Все эти знаки лежали на красных бархатных подушках с золотыми галунами и кистями; каждую подушку нес бригадир, полковник или майор при двух ассистентах.
По сторонам шли солдаты с белыми зажженными восковыми свечами, к которым был приделан щит с графским вензелем, 3 бригадира, 6 унтер-офицеров кадетского корпуса; печальная колесница, везомая 6 лошадьми в попонах; 12 капитанов и майоров держали балдахин из черного бархата с серебряным галуном; возле шли полковники, 8 унтер-офицеров кадетского корпуса, генерал-майор, 2 адъютанта, другие приглашенные на проводы тела, 3 обтянутые трауром кареты, каждая в 6 лошадей, в каждой карете женщины в плерезах, фурьер верхом, эскадрон лейб-гвардейцев верхом.
Во время печального шествия из крепости раздавался каждую минуту пушечный выстрел.

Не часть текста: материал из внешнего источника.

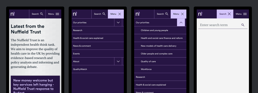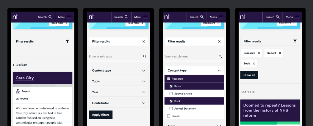 We designed an in-page filtering system which is used on landing pages such as 'Research', where content exceeds a recommended number, to enable users to find desired content easier.
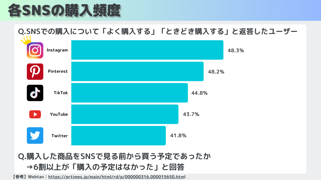 各SNSの中でもインスタグラムが最も商品購入のきっかけになっている媒体です。
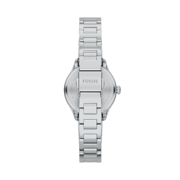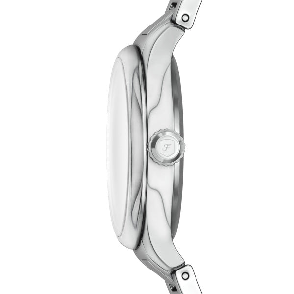 Crafted in silver-tone stainless steel, the Fossil Gilmore watch boasts a refined and sleek monochromatic look. Its minimalist design features a three-hand configuration and a satin sunray dial for precision and simplicity. The polished bracelet and streamlined dial showcase expert craftsmanship and modern style.
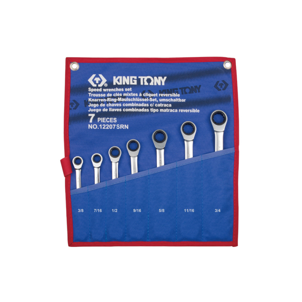 Набор комбинированных трещоточных ключей 3/8"-3/4", чехол из теторона, 7 предметов KING TONY 12207SRN незаменим при работе с крепежом, расположенном в труднодоступных местах или в ограниченном пространстве.
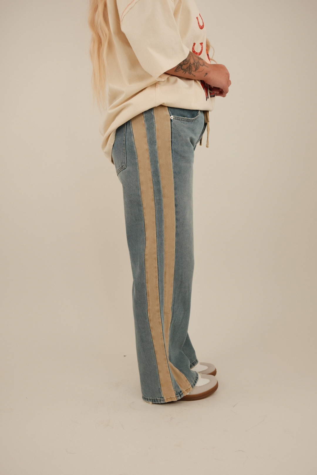 The Dusty Divide Drawstring Jeans blend laid-back comfort with bold western flair. These wide-leg jeans feature a soft drawstring waistband for a custom, relaxed fit—perfect for cowgirls on the move. Beige side panels and matching contrast back pockets add a stylish two-tone edge, making these a standout staple in your denim lineup.

По соизволению ее императорского величества могила была приготовлена в церкви помянутого монастыря, где погребаются только тела членов императорского дома. При опускании тела в могилу войска произвели, по военному обычаю, тройной салют из ружей.
8. Ягужинский II
Ягужинский, младший брат знаменитого статс-министра, не имел ни выдающихся способностей, ни больших познаний. Только благодаря заслугам брата он повышался в русской военной службе. Насколько мы могли узнать, он дослужился, однако, только до полковника.
Он умер в 1722 году.
9. Эммануил Девиер
Эммануил Девиер[92], португалец низкого происхождения, прибыл юнгой на купеческом корабле в Голландию, где совершенно случайно его увидел Петр I. Этот монарх отдал его в услужение Меншикову, который принял его как скорохода. При этом-то император имел случай говорить с Девиером и, открыв в нем способности, взял его к себе. Он сделал его офицером гвардии и вскоре своим денщиком. В качестве денщика Девиер еще более укрепился в милости государя. Мало-помалу получал он повышения в армии и наконец стал настолько смел, что просил у своего прежнего господина руки его сестры, во взаимной любви которой был уверен. Меншиков с презрением отклонил это предложение, но Девиер не бросил своего намерения. И он достиг своей цели. Сестра князя дала ему столь неопровержимые доказательства своей любви, что Девиер счел, наконец, необходимым заявить ее брату, что необходимо торопиться с формальным утверждением брака, если князь не желает иметь неприятности видеть свою сестру незамужней матерью. Вместо всякого ответа Меншиков приказал вздуть батогами своего непрошеного зятя. Еще покрытый кровавыми последствиями гнева князя отправился Девиер к императору, бросился в ноги и просил о защите. Надо вообще удивляться подобной жалобе, приносимой государю, которая столь необычна среди честных людей, получивших оскорбление. Самое ясное приказание Петра могло лишь в слабой степени оправдать подобное поведение. Можно даже полагать, что Девиер был привычен к подобному с ним обхождению и не знал иной мести, кроме жалобы. В этом случае он не заслуживал никакой защиты. Но Петр не отказал ему в ней и даже принудил князя Меншикова вести свою сестру к обручальному алтарю. Тогда же Девиер был назначен генерал-полицмейстером. На этом посту он часто получал от императора чувствительные знаки его неудовольствия. Все-таки этот государь очень любил его и часто доказывал, как велико то доверие, которое он имеет к нему. Он сделал его своим генерал-адъютантом. Девиер носил уже это высокое звание, когда в 1718 году подписывал смертный приговор несчастному царевичу. В 1721 году он стал генерал-поручиком и вскоре гофмейстером принцесс Анны и Елизаветы. Как ни приближался Девиер по своему служебному положению к князю Меншикову, этот никогда не мог простить Девиеру тот способ, которым он втерся в родство к нему.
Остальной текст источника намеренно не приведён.